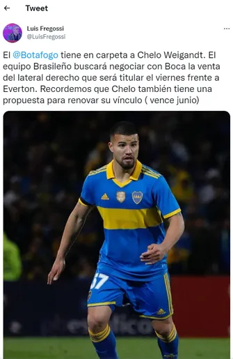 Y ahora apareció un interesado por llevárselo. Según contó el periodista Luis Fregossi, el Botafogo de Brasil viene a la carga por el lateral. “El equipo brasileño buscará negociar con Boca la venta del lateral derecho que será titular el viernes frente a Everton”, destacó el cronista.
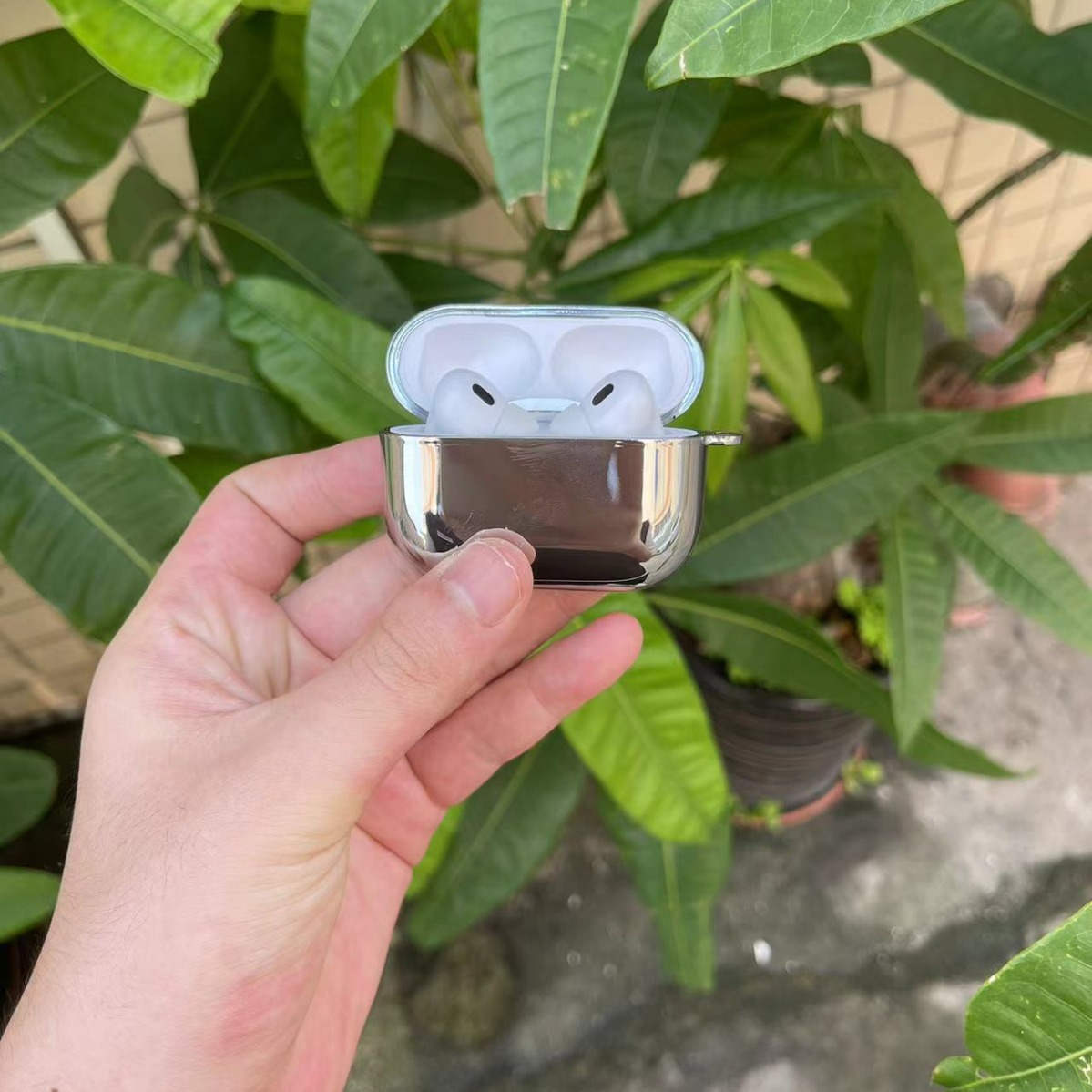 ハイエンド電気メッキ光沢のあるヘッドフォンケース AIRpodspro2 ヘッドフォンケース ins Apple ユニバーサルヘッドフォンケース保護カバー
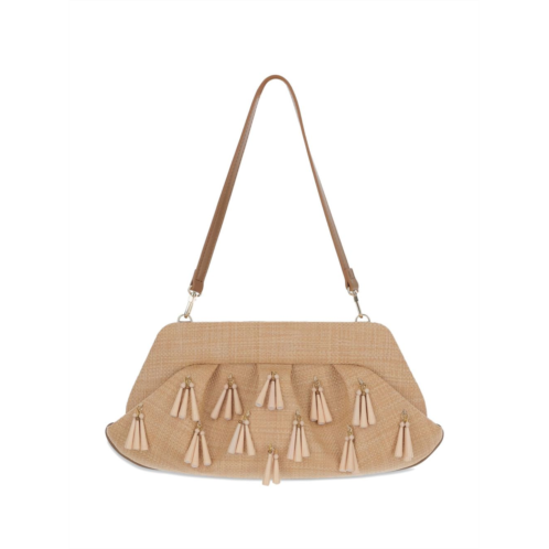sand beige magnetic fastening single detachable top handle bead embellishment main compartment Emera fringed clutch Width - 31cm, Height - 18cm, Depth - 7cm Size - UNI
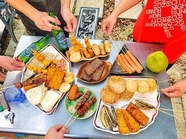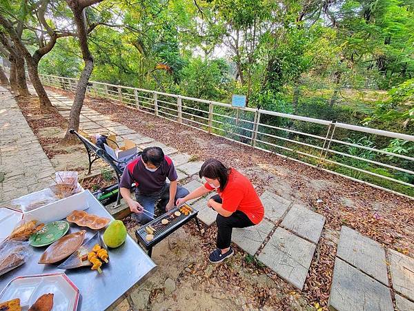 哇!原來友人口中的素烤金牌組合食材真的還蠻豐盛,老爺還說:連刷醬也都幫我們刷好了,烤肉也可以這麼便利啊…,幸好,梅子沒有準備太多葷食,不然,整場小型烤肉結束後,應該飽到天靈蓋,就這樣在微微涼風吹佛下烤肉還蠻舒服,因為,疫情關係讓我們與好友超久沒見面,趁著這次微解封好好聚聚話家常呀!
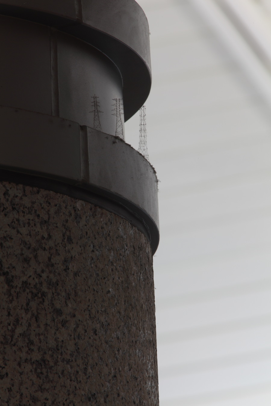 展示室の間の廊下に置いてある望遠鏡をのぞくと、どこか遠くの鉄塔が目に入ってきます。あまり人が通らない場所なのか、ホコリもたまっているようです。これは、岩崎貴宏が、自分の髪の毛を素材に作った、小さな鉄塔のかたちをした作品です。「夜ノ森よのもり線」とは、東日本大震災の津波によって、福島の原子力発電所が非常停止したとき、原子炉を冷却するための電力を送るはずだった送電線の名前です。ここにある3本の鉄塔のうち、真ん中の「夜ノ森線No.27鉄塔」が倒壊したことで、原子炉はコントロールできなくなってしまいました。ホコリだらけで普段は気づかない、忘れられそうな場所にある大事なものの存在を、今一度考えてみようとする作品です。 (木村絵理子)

------------------------------

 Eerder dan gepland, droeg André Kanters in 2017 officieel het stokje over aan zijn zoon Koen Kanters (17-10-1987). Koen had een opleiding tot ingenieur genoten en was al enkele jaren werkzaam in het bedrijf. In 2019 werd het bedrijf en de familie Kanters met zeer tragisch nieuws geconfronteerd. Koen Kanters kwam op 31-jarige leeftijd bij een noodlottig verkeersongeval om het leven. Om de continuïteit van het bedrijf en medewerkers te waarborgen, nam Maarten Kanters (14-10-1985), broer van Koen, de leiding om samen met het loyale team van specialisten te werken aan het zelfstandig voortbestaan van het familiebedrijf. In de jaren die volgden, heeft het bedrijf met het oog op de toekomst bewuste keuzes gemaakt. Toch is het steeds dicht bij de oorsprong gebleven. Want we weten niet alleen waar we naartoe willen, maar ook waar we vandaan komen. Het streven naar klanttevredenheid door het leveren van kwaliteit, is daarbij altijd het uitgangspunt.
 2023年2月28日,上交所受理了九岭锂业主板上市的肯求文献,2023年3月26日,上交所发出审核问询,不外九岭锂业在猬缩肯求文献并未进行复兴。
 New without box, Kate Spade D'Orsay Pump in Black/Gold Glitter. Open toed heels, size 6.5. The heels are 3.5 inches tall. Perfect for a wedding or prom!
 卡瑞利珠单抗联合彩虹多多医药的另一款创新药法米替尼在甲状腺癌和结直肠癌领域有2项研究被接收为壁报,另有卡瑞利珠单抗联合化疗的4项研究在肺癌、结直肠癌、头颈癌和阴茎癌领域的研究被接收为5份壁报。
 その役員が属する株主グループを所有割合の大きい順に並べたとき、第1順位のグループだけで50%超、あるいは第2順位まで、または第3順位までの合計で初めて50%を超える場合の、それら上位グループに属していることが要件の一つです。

------------------------------

The lines to copy exactly start with the line above that has "sand beige magnetic" and go on through the line that has "展示室の間の廊下に置いてある"; please include both, add nothing else, and omit the pictures.

Solution to the exercise:
sand beige magnetic fastening single detachable top handle bead embellishment main compartment Emera fringed clutch Width - 31cm, Height - 18cm, Depth - 7cm Size - UNI
 哇!原來友人口中的素烤金牌組合食材真的還蠻豐盛,老爺還說:連刷醬也都幫我們刷好了,烤肉也可以這麼便利啊…,幸好,梅子沒有準備太多葷食,不然,整場小型烤肉結束後,應該飽到天靈蓋,就這樣在微微涼風吹佛下烤肉還蠻舒服,因為,疫情關係讓我們與好友超久沒見面,趁著這次微解封好好聚聚話家常呀!
 展示室の間の廊下に置いてある望遠鏡をのぞくと、どこか遠くの鉄塔が目に入ってきます。あまり人が通らない場所なのか、ホコリもたまっているようです。これは、岩崎貴宏が、自分の髪の毛を素材に作った、小さな鉄塔のかたちをした作品です。「夜ノ森よのもり線」とは、東日本大震災の津波によって、福島の原子力発電所が非常停止したとき、原子炉を冷却するための電力を送るはずだった送電線の名前です。ここにある3本の鉄塔のうち、真ん中の「夜ノ森線No.27鉄塔」が倒壊したことで、原子炉はコントロールできなくなってしまいました。ホコリだらけで普段は気づかない、忘れられそうな場所にある大事なものの存在を、今一度考えてみようとする作品です。 (木村絵理子)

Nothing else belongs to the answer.